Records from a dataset

○ ○ ○ ○ ○

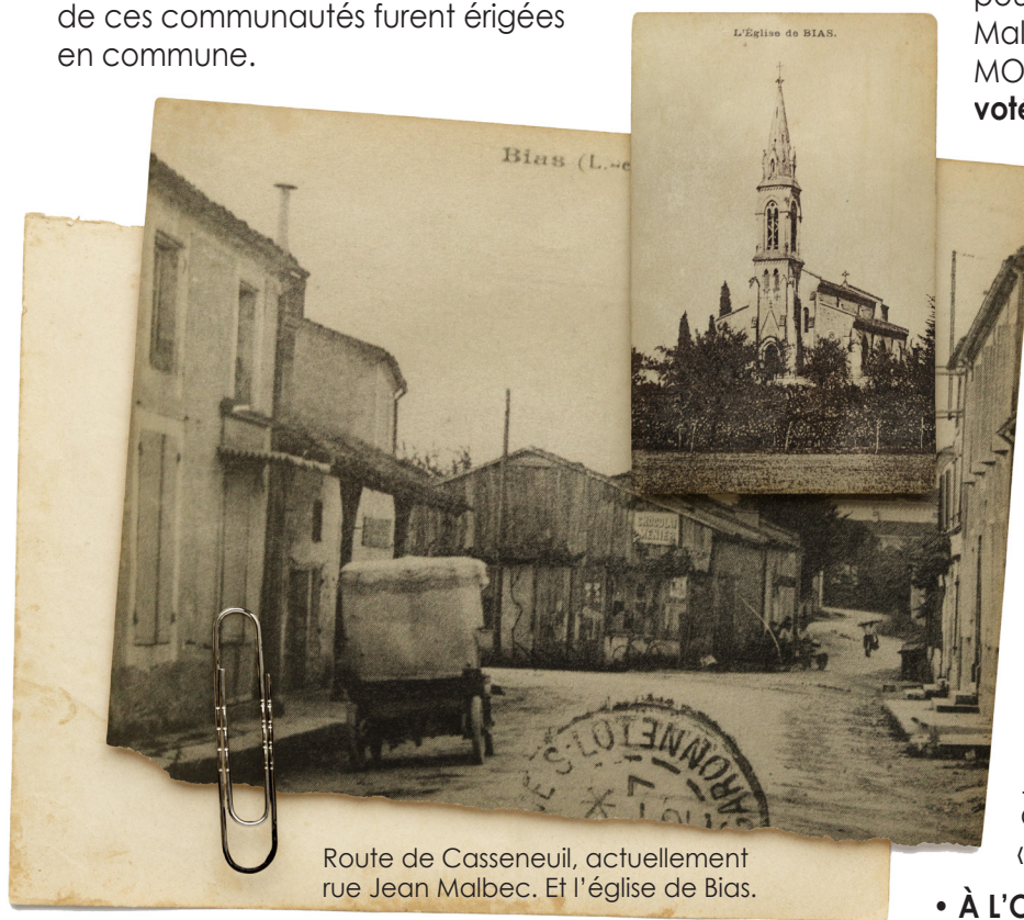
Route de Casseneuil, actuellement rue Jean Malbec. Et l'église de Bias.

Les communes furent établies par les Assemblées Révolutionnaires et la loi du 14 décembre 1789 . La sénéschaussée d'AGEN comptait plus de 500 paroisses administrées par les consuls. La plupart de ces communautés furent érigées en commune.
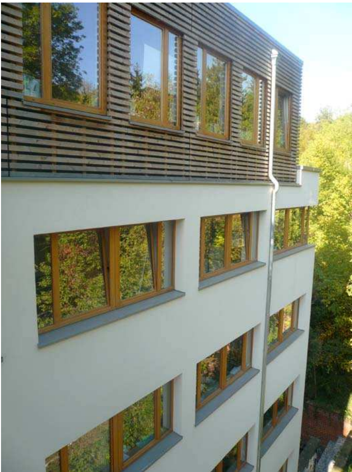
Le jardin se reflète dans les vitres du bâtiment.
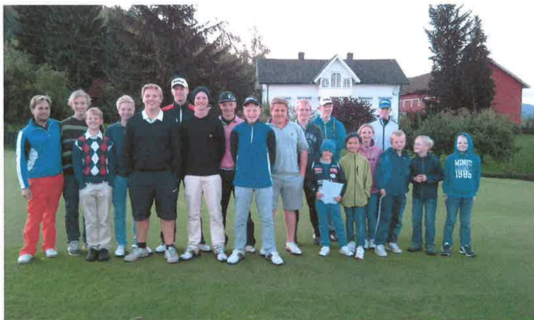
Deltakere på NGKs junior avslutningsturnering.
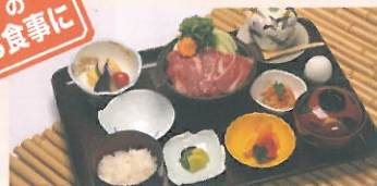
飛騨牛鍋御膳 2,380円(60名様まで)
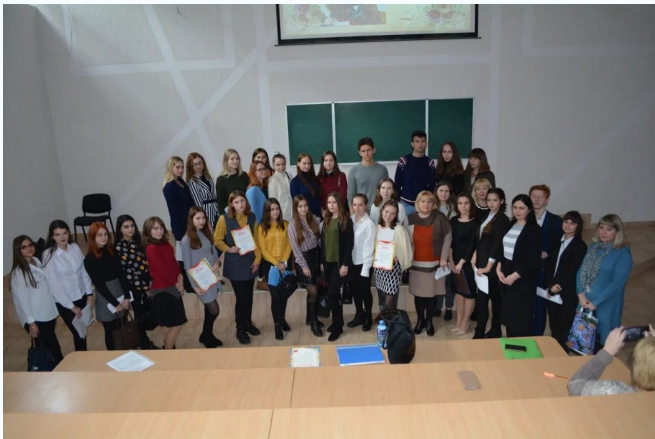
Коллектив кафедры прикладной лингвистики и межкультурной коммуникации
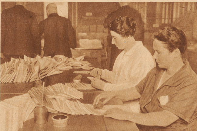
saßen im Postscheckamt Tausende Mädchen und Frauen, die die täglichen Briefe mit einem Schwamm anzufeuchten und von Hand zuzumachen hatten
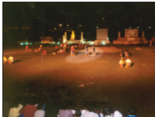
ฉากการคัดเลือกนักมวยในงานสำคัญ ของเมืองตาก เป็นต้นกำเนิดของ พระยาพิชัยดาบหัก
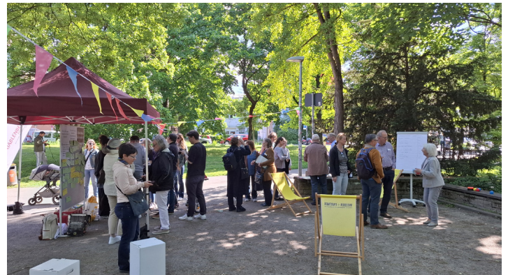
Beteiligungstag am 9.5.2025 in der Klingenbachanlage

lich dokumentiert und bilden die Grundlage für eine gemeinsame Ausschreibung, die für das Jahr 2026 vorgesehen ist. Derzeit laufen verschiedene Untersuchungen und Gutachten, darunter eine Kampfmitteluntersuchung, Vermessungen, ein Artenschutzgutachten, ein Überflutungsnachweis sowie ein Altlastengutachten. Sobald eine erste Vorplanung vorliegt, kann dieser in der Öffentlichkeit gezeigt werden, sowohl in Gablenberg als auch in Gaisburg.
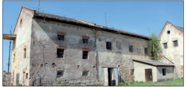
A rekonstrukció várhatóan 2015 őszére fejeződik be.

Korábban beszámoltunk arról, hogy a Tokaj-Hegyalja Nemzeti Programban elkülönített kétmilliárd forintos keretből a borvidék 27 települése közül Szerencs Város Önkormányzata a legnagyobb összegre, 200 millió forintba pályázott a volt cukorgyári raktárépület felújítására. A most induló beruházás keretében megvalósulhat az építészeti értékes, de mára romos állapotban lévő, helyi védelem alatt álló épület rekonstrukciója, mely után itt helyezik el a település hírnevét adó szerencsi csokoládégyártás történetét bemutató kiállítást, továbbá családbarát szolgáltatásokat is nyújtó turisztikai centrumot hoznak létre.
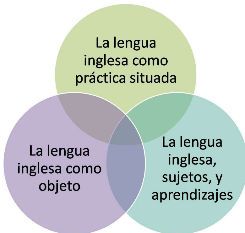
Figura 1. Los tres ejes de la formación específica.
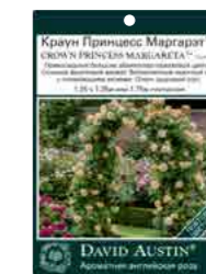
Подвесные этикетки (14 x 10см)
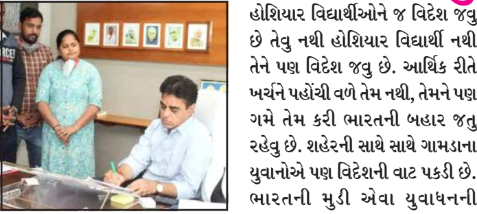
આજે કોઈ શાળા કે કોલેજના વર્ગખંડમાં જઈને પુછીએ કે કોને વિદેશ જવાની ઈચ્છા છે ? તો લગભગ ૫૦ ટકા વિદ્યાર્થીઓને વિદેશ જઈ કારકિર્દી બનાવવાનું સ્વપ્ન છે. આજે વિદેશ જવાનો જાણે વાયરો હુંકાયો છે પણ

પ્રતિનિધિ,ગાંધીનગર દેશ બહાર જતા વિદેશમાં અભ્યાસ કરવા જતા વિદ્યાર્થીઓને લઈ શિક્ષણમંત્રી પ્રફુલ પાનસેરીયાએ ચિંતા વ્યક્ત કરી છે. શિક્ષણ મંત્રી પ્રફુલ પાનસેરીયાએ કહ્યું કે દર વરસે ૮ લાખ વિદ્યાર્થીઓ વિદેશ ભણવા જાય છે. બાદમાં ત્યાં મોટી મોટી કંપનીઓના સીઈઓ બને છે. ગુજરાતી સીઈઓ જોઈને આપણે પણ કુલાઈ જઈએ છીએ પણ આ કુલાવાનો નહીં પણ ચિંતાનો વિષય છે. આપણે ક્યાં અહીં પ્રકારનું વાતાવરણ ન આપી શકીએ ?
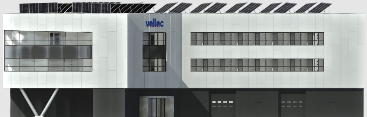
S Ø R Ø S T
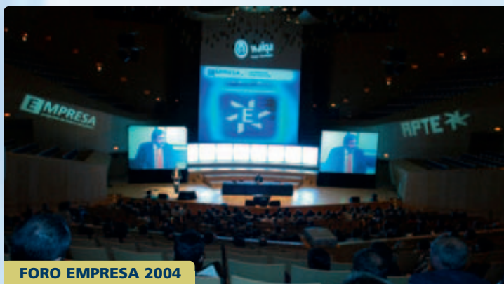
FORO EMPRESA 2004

○ ○ ○ ○ ○

_Task description_. Your output is the lines from the top of the entries through the line containing "Beteiligungstag am 9.5.2025", exactly as they stand. No pictures belong in it.

_Answer to this problem_.
Route de Casseneuil, actuellement rue Jean Malbec. Et l'église de Bias.

Les communes furent établies par les Assemblées Révolutionnaires et la loi du 14 décembre 1789 . La sénéschaussée d'AGEN comptait plus de 500 paroisses administrées par les consuls. La plupart de ces communautés furent érigées en commune.
Le jardin se reflète dans les vitres du bâtiment.
Deltakere på NGKs junior avslutningsturnering.
飛騨牛鍋御膳 2,380円(60名様まで)
Коллектив кафедры прикладной лингвистики и межкультурной коммуникации
saßen im Postscheckamt Tausende Mädchen und Frauen, die die täglichen Briefe mit einem Schwamm anzufeuchten und von Hand zuzumachen hatten
ฉากการคัดเลือกนักมวยในงานสำคัญ ของเมืองตาก เป็นต้นกำเนิดของ พระยาพิชัยดาบหัก
Beteiligungstag am 9.5.2025 in der Klingenbachanlage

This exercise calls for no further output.